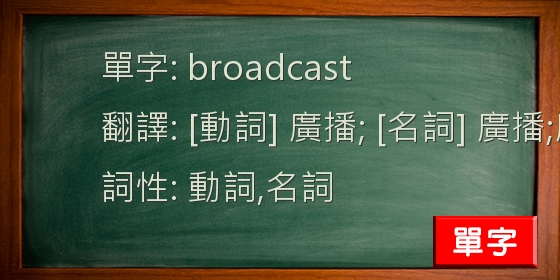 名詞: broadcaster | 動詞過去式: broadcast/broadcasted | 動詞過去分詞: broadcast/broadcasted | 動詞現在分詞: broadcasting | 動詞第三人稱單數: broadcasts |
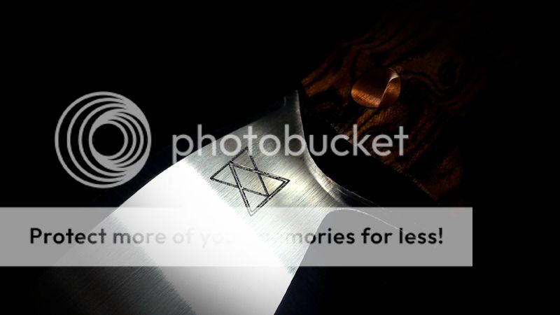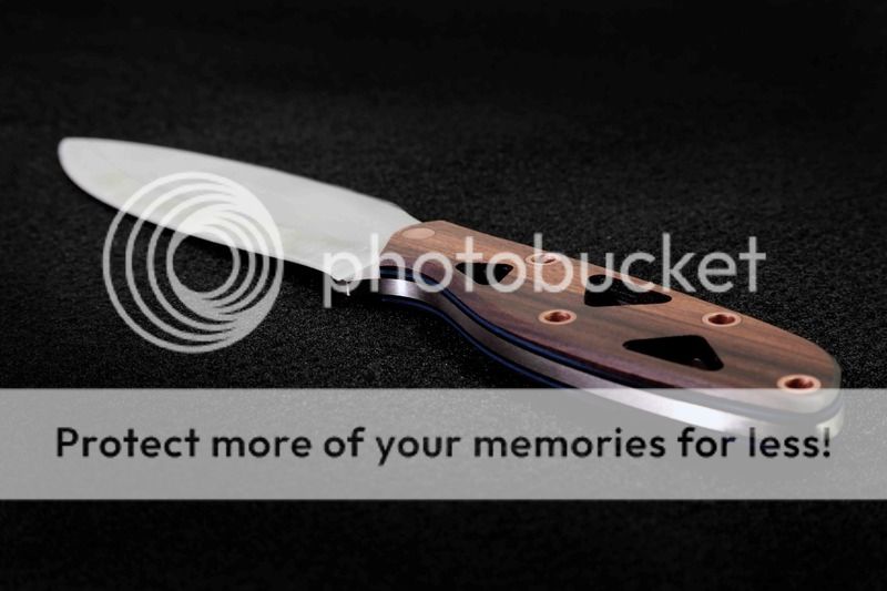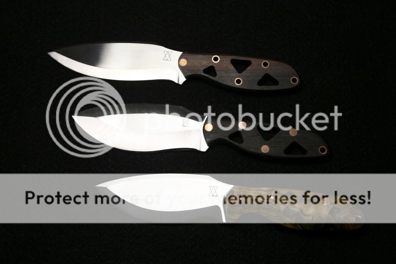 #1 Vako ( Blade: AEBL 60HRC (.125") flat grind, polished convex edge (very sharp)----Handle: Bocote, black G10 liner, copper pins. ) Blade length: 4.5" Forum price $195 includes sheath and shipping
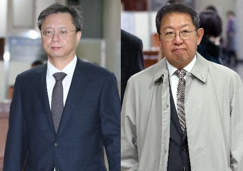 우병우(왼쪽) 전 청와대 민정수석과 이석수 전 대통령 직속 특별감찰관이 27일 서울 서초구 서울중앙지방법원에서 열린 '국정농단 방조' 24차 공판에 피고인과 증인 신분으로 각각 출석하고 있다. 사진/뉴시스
== == ==
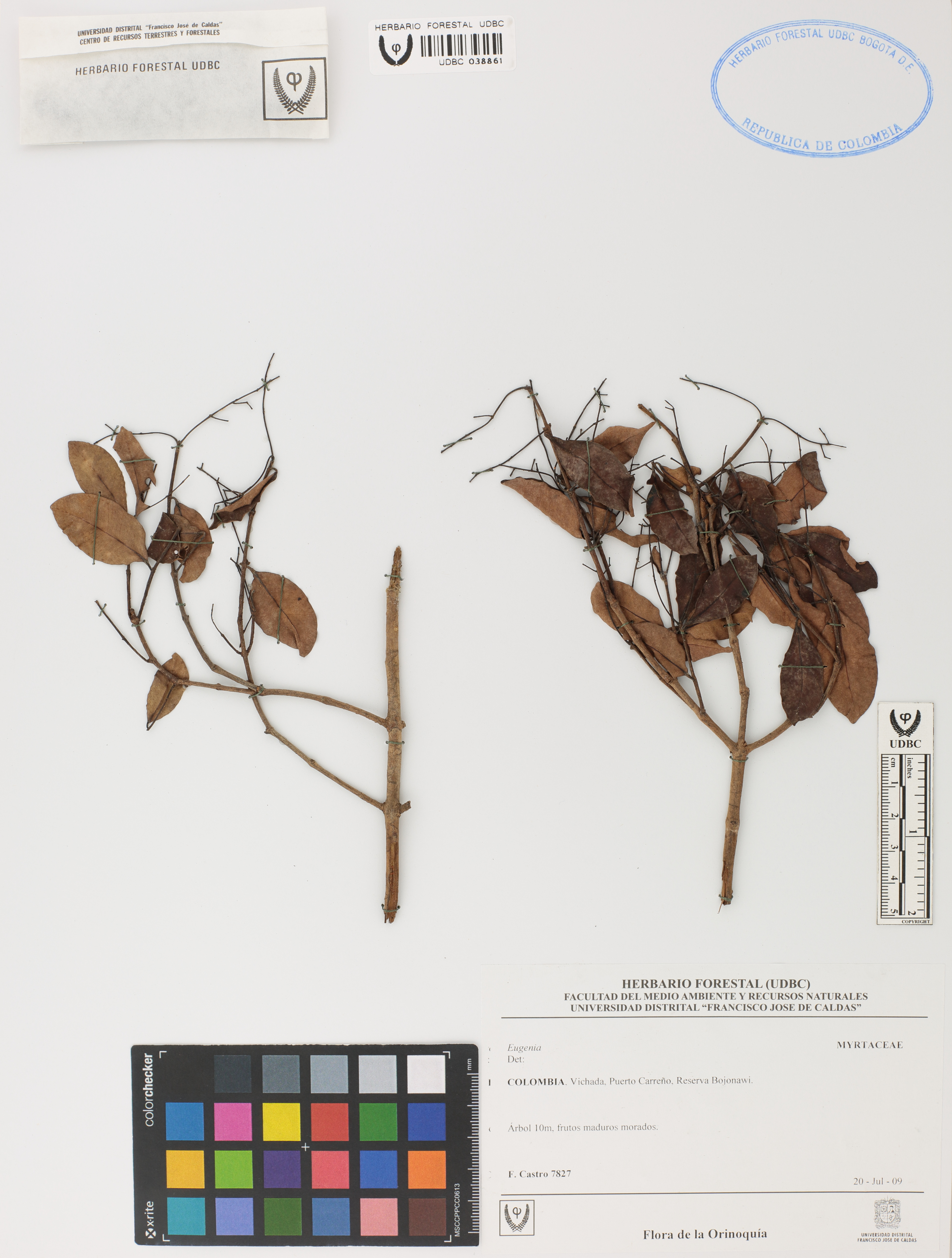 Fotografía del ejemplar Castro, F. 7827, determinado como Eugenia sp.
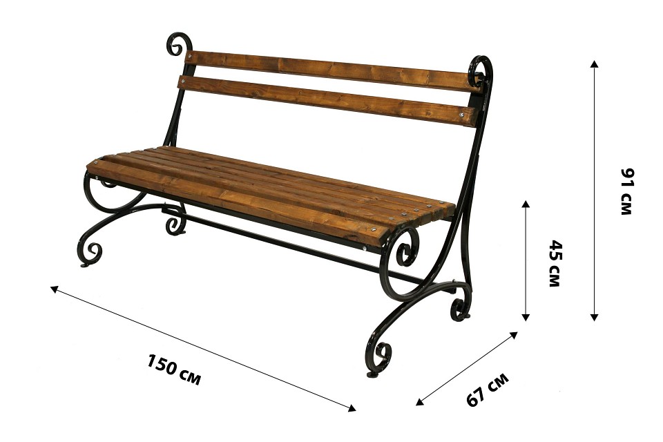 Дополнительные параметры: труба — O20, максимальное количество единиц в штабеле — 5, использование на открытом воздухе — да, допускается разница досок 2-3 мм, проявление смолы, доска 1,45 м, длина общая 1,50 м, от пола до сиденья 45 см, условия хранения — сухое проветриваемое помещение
== == ==
- _TASK PROMPT_: Using the data above, retype exactly and only the lines from the one containing "名詞: broadcaste" up to and including the one containing "우병우(왼쪽) 전 청와대", with no pictures carried over.

- _RESULT OF THIS EXERCISE_:
 名詞: broadcaster | 動詞過去式: broadcast/broadcasted | 動詞過去分詞: broadcast/broadcasted | 動詞現在分詞: broadcasting | 動詞第三人稱單數: broadcasts |
 #1 Vako ( Blade: AEBL 60HRC (.125") flat grind, polished convex edge (very sharp)----Handle: Bocote, black G10 liner, copper pins. ) Blade length: 4.5" Forum price $195 includes sheath and shipping
 우병우(왼쪽) 전 청와대 민정수석과 이석수 전 대통령 직속 특별감찰관이 27일 서울 서초구 서울중앙지방법원에서 열린 '국정농단 방조' 24차 공판에 피고인과 증인 신분으로 각각 출석하고 있다. 사진/뉴시스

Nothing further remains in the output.